The air was filled with excitement and optimism. It was 2017 and Waterfront Toronto had just announced a partnership with Sidewalk Labs, the urban tech arm of Alphabet, Google's parent company, to develop a 12-acre plot of land along Toronto's eastern harbourfront known as Quayside. The premise of the project was to deliver an innovative new 'smart' neighbourhood, dubbed Sidewalk Toronto, that was infused with revolutionary technology and which would herald a new era of urban development for the digital age. Dan Doctoroff, star CEO of Sidewalk Labs and former deputy mayor of New York City, was leading the project and arrived in Toronto with much fanfare, along with the vocal support of Google founder Larry Page and Alphabet CEO Eric Schmidt. But less than three years later, after countless scandalous headlines, high-profile resignations, audacious land grabs, and mounting public distrust, the partnership crumbled and Sidewalk Labs left Toronto with next to nothing to show for it. What happened?

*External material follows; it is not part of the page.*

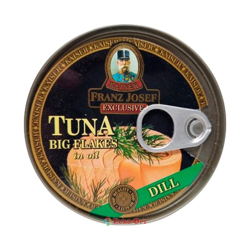 Тунець в олії Franz Josef Tuna Big Flakes In Oil Dill 170g. ― прекрасне поєднання цільного тунця з олією і укропом. Тонкий аромат, ніжний смак і безліч корисних речовин в одній банці.
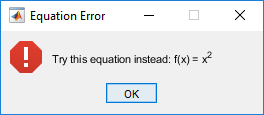 f = errordlg создает диалоговое окно ошибки с заголовком и сообщением по умолчанию следующим образом.

Conceptual rendering of former Sidewalk Toronto proposal, image via submission to Waterfront Toronto.

Globe and Mail reporter Josh O'Kane weaves together the complex web of characters, events, and documents that make up the Sidewalk Toronto saga in his new book, aptly named Sideways: The City Google Couldn't Buy. O'Kane paints a comprehensive picture of what went wrong and why, and connects the events in Toronto to the wider global struggle between data privacy, intellectual property rights, and the grossly underestimated powers of Big Tech. The book is not just an historical account of events, it is a stark warning for the future of our cities and the future of our individual privacy, and how woefully unprepared we may be in the battle for both.

Book cover for Sideways, image courtesy of Random House Canada 2022.

O'Kane was one of the primary reporters at the Globe and Mail who followed the Sidewalk Toronto story from start to finish and had a front row seat to all the ensuing drama. Pieced together from more than 150 interviews of people close to both sides of the project along with years of investigative reporting, O'Kane's account of events is likely to be the most complete we may ever have of the Sidewalk Toronto saga. 

Portrait of author Josh O'Kane, image courtesy of Random House Canada 2022.

Sideways presents a captivating story that reads like a boardroom TV drama. The book assembles an unexpectedly diverse cast of characters, from Prime Minister Justin Trudeau to former BlackBerry CEO Jim Balsillie, each of whom had a role to play that influenced the course of the Sidewalk Toronto project. The story even stretches to Berlin, where a group of activists successfully pushed a planned Google development out of their neighbourhood to resist gentrification, and to the Cambridge-Analytica scandal that shocked the world in 2018. The book details the pressing issues of the digital age, and offers a fresh perspective on the messy complexity of urban life.

Conceptual rendering of former Sidewalk Toronto proposal, image via submission to Waterfront Toronto.

With big egos, bold personal ambitions, frustrating bureaucracies, backroom politics, consequential miscommunications, and unexpected external forces, Sideways is a story of political intrigue, drama, hope, and frustration, with an uplifting air of David-versus-Goliath storytelling mixed with an eye-opening window into what a digital future might hold. It is a story with consequences that extend far beyond the muddy shores of Lake Ontario, but which also hits close to home in a city changing at a breakneck pace. All things considered, it is a story worth reading.

Sideways: The City Google Couldn't Buy by Josh O'Kane will be released on September 13, 2022, and can be picked up online or at your local bookstore.